Maybe the answer here will be along the lines of Karpathy's musings about making LLMs work directly with pixels (images of text), instead of encoded text and tokenizers [1]. An AI tool would take the document visually-standard legal document form, and read it, and produce output with edits, redlines, etc as directed by the user.

[1] https://x.com/karpathy/status/1980397031542989305


Diffing the XML is a complete nonstarter. I've spent years working with the OpenXML format and can assure you it is very complex even for a professional software engineer with 10 years of experience.

The diff of the document (referred to as a "redline") is what lawyers send to the client and their counterparties. It's essential that the redline is legible for all parties and reflects their professionalism.

Moreover, it is not enough to see the structural changes between the versions. A lawyer needs to see the formatting changes between the versions as well which cannot be accomplished by diffing XML files.


And, importantly, there already is an official diff tool: the "Compare" button.

Correct. Solely relying on the built in Word Compare tool results in a whole host of version control issues, however, which I outline in detail in my post "On Building Git for Lawyers."

https://theredline.versionstory.com/p/on-building-git-for-la...


Something I've started doing in my workflow is using Pandoc to convert between Markdown and DOCX when authoring long documents. This lets me put the Markdown into Git and apply the Gemini CLI to it.

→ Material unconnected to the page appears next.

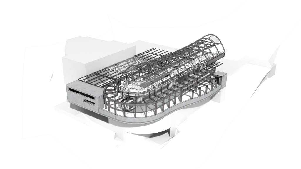 Die ETFE-Membranen fertigte der Hersteller Temme Obermeier aus Rosenheim, mit dem IN-Metall bei Membranbauten regelmäßig zusammenarbeitet. Für das Bauwerk mussten 33.000 Profile konstruiert werden, von denen kaum zwei identisch waren. Die Stahlapplikation beschleunigte die Arbeit deutlich: Profile können nach eigenen Vorgaben definiert und zur Wiederverwendung als Favoriten gespeichert werden. Als praktisch erwies sich die Sweep-Funktion, mit der sich Profile an gebogene Linien anlegen lassen. Neben verschiedenen Optionen, Profile zu definieren, konnte Daniel Windegger auch die gewünschten Verbindungen mit wenigen Klicks konstruieren. „Ohne die App hätten wir das nie in dieser kurzen Zeit geschafft“, resümiert Windegger.
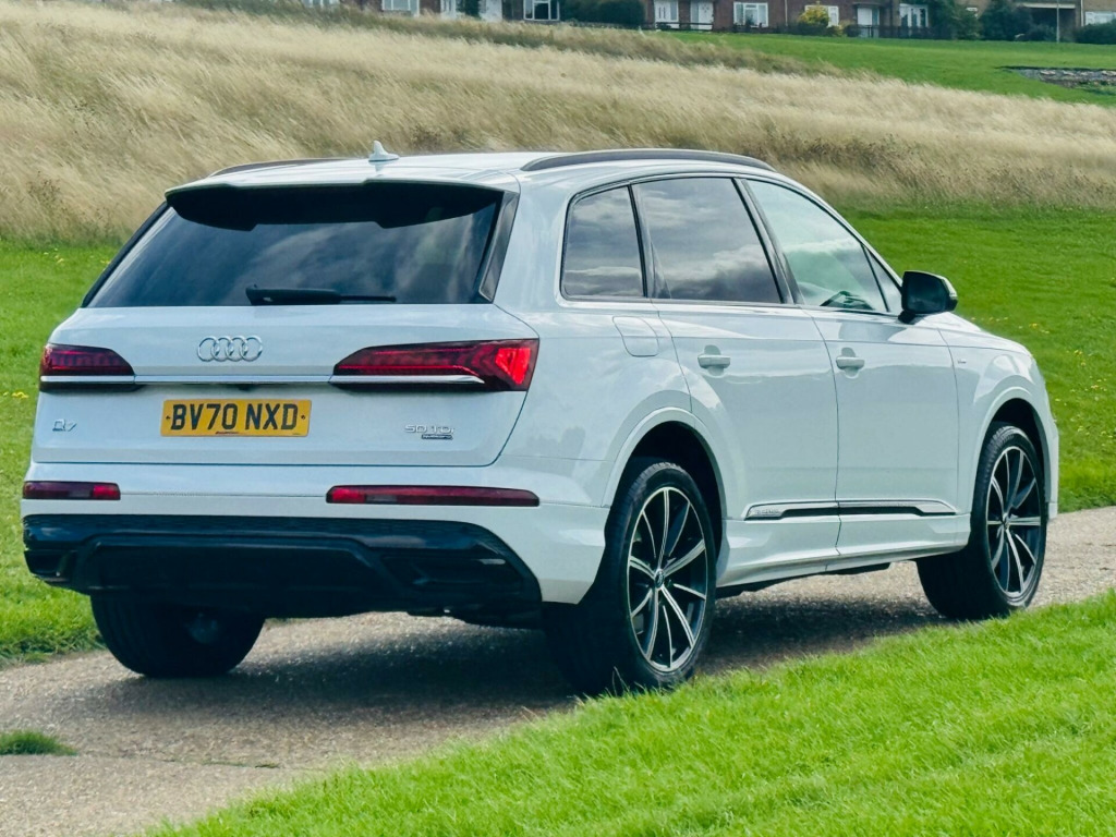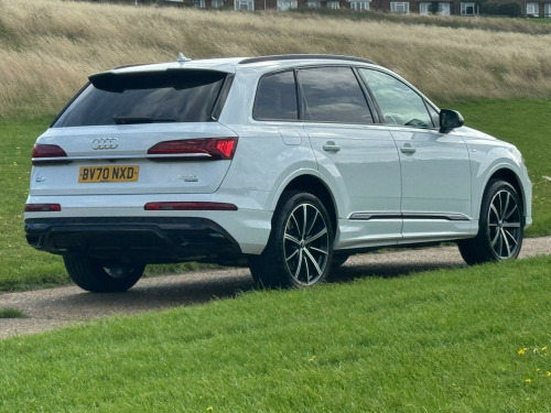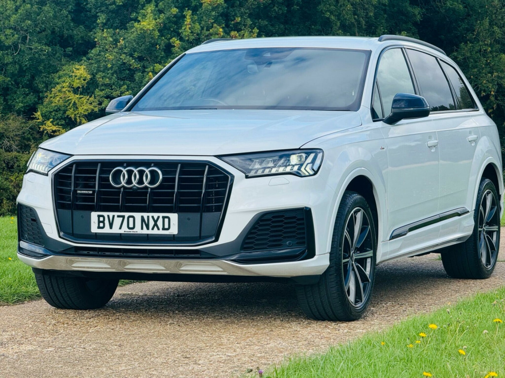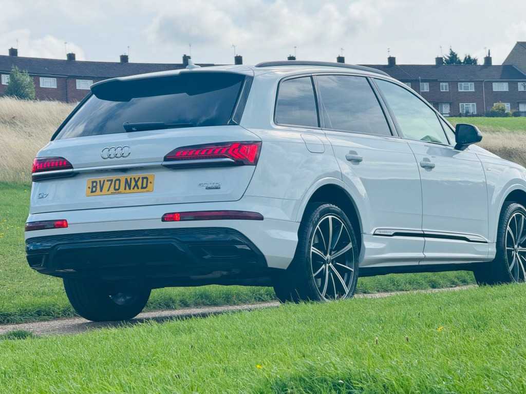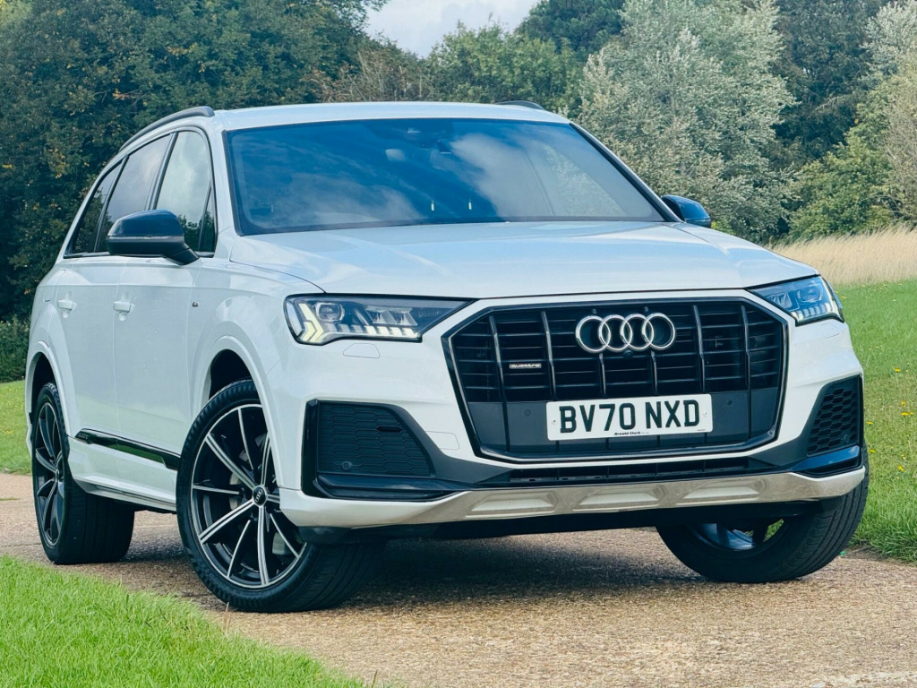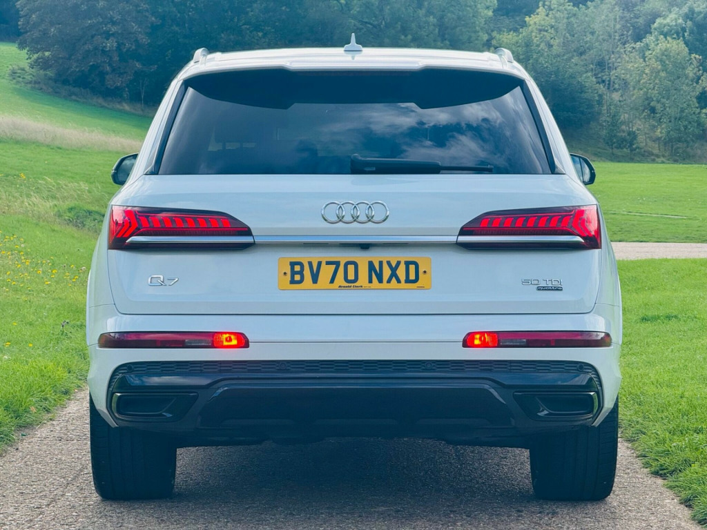 Simply a amazing Q7 beautiful spec amazing condition Part ex welcome This 2020 Audi Q7 TDI V6 Black Edition offers exceptional value with its very low mileage of just 35,000 miles. As a Euro 6 compliant vehicle, it features a powerful 3.0L Diesel engine paired with Audi's renowned Four Wheel Drive system, ensuring confident performance in all conditions. This seven seater Black Edition boasts a range of premium features, including striking Audi Matrix LED Headlights with dynamic front and rear indicators, and the convenience of the Audi Phone Box with wireless charging. Comfort is enhanced by heated front seats and a deluxe four zone automatic climate control system, while the Audi Parking System Plus with front and rear sensors makes manoeuvring effortless.The Q7 TDI V6 Black Edition is designed for practicality and performance, offering a substantial 3500 kg towing weight and impressive acceleration from 0 to 62mph in just 6.5 seconds. Its large boot space provides ample room for luggage or shopping, making it an ideal choice for families or those needing versatile cargo capacity. Furthermore, its placement in a low insurance group indicates that running costs are kept manageable, a significant advantage over many comparable vehicles. in alloy wheels - 10-spoke star style design audi sport in black with gloss-turned finish, 7 seats, ami - audi music interface, adaptive air sport suspension, airbags - driver - front passenger - front side - curtain, anti theft locking wheel bolts, anti-theft alarm, audi connect (3 year subscription from new), audi connect safety and service, audi drive select, audi hill hold assist, audi matrix led headlights with dynamic front and rear indicators, audi parking system plus, audi phone box with wireless charging, audi pre-sense front, audi smartphone interface, audi sound system, audi virtual cockpit, auto dimming and frameless rear view mirror, black roof rails, camera-based traffic sign recognition, cloth headlining in black, comfort front centre armrest, cruise control with speed limiter, dab digital radio, deluxe four-zone automatic climate control, door mirrors - heated - electrically adjustable - folding and auto dimming with memory function, esc - electronic stabilisation control inc abs - asr and edl, electric windows - front and rear, electromechanical parking brake, electromechanical power steering - speed-sensitive provides a precise steering feel at high speeds and excellent assistance when parking., extended pedestrian protection measures, first aid kit and warning triangle, front sun visors with illuminated vanity mirrors, front and rear floor mats, heated front seats, illuminated door sill trims with s logo, inlays - polished oak with grey finish, keyless go with remote central locking, led daytime running lights, led interior ambient lighting pack, led rear lights, lane departure warning, luggage compartment cover, luggage compartment sill protection in stainless steel, mmi navigation plus including mmi touch, natural voice recognition, pedals in stainless steel, power operated tailgate, privacy glass, rear view camera, s line badges on the front wings, s line roof spoiler, seat belt monitoring, steering wheel - 3-spoke leather-multi-function-flat bottomed-sports-shift paddles, titanium black door mirrors, titanium black styling pack, tool kit, tyre pressure loss indicator, tyre repair kit, windshield with heat insulated glass, audi virtual cockpit plus, leather-alcantara - sport seats with s embossed logo - black with grey stitching

When referencing other documents, I'll also convert them to MD and drop them into a folder so I can tell the AI to read them and cross-reference things.

At the start of the project the Markdown is authoritative, and the DOCX is just for previewing the styling. (Pandoc can insert the text into a layout template with place holders.)

Towards the end of a project I'll start treating the DOCX as authoritative but continue generating Markdown from it, so I can run the AI over it as a final proof-read or whatever.

This is similar to what people used to do with DocBook, but with a more friendly text format and a more AI-friendly "modern" workflow with Git, etc...


I do this with asciidoc instead of- same advantages with git and llms but you get a tremendous amount more styling and functionality.

It's easy to think that Word's functionality is what you see on the Ribbon, mentally map that to Google Docs, and think that the latter can replace the former. But Word is extremely deep. The templating and style sheets allow for a level of fine grained control that doesn't exist in alternatives. There are features that exist purely for the legal market, like Table of Authorities, and customizable line numbering and hyphenation.

Maybe one day there'll be a product to replace Word, but it won't succeed by claiming to be a generalist replacement but only as a niche product that solves a particularly painful problem for lawyers and then expands over time to capture more use cases.


I completely agree.

On the Google Docs front — I wrote specifically about its viability as a Word successor in an earlier post, "Why Lawyers Will Never Use Google Docs".

https://theredline.versionstory.com/p/why-lawyers-will-never...


I swear Google Docs also used to do a better job of replicating Word's ribbon, and has slowly pruned it of a lot of features that are individually niche, but cumulatively very important.

Word's "ribbon" is a shitshow, and has been since day one.

It's depressing to read about Word's entrenchment. This entire once-great application is now an execrable mess, with menus scattered under cryptic buttons (and abridged into dumbed-down menus that require you to expose yet another, collapsed one to access essential, frequently-used functions), a file... thing (not even a dialog, let alone a proper File dialog) that shows you a canned list of locations in a UI that appears to consist only of text...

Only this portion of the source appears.